Beneath this instruction is a listing; print exactly the lines in it starting at the line that contains "Nhận xét: Cường" and going through the line that contains "satisfying play experience.".
** Opening Data extracts block **
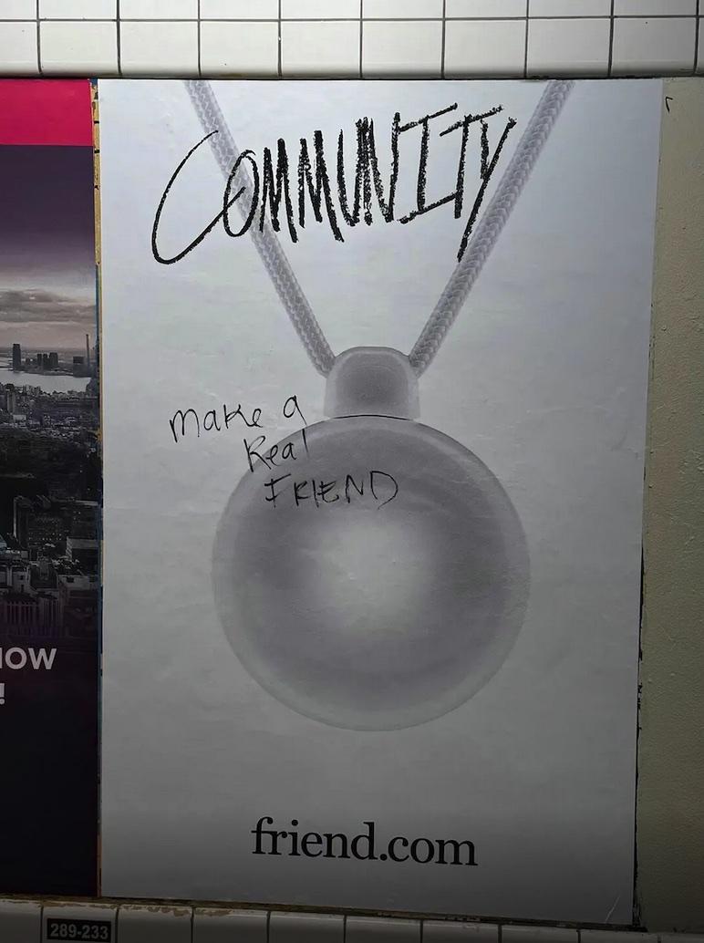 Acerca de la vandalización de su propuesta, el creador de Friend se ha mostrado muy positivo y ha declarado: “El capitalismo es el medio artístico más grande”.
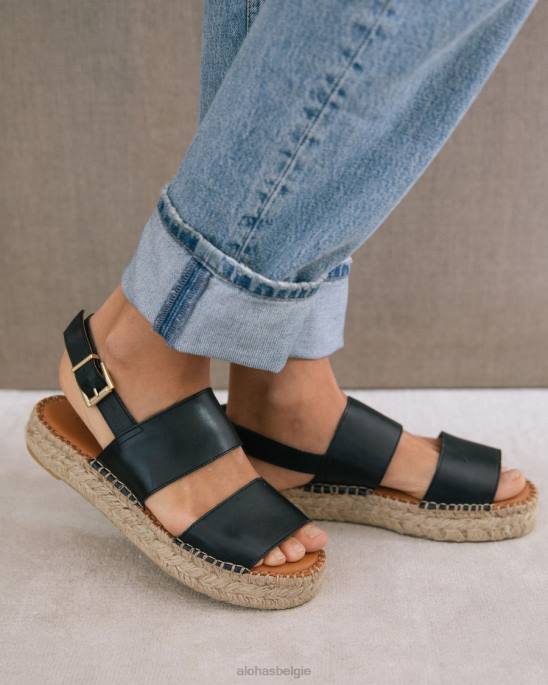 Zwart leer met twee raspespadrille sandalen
** Closing Data extracts block **
** Opening Data extracts block **
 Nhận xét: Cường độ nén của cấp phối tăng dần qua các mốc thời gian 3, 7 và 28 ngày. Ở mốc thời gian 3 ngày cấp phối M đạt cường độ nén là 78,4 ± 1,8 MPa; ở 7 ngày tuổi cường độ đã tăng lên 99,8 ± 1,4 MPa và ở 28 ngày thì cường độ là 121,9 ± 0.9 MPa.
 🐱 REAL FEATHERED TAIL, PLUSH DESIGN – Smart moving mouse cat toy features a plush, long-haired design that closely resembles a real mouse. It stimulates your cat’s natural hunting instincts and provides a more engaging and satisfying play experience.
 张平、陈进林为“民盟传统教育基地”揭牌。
** Closing Data extracts block **
** Opening Data extracts block **
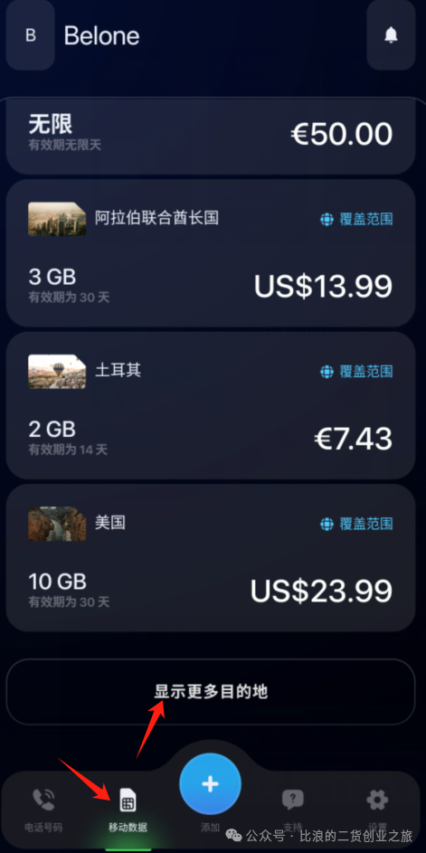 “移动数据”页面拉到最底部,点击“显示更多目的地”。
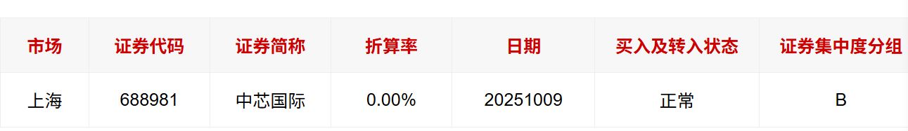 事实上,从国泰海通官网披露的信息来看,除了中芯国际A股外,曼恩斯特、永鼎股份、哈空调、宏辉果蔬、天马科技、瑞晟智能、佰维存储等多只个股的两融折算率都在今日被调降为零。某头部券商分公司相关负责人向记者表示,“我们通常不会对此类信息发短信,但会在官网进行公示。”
** Closing Data extracts block **
**Answer space**:
 Nhận xét: Cường độ nén của cấp phối tăng dần qua các mốc thời gian 3, 7 và 28 ngày. Ở mốc thời gian 3 ngày cấp phối M đạt cường độ nén là 78,4 ± 1,8 MPa; ở 7 ngày tuổi cường độ đã tăng lên 99,8 ± 1,4 MPa và ở 28 ngày thì cường độ là 121,9 ± 0.9 MPa.
 🐱 REAL FEATHERED TAIL, PLUSH DESIGN – Smart moving mouse cat toy features a plush, long-haired design that closely resembles a real mouse. It stimulates your cat’s natural hunting instincts and provides a more engaging and satisfying play experience.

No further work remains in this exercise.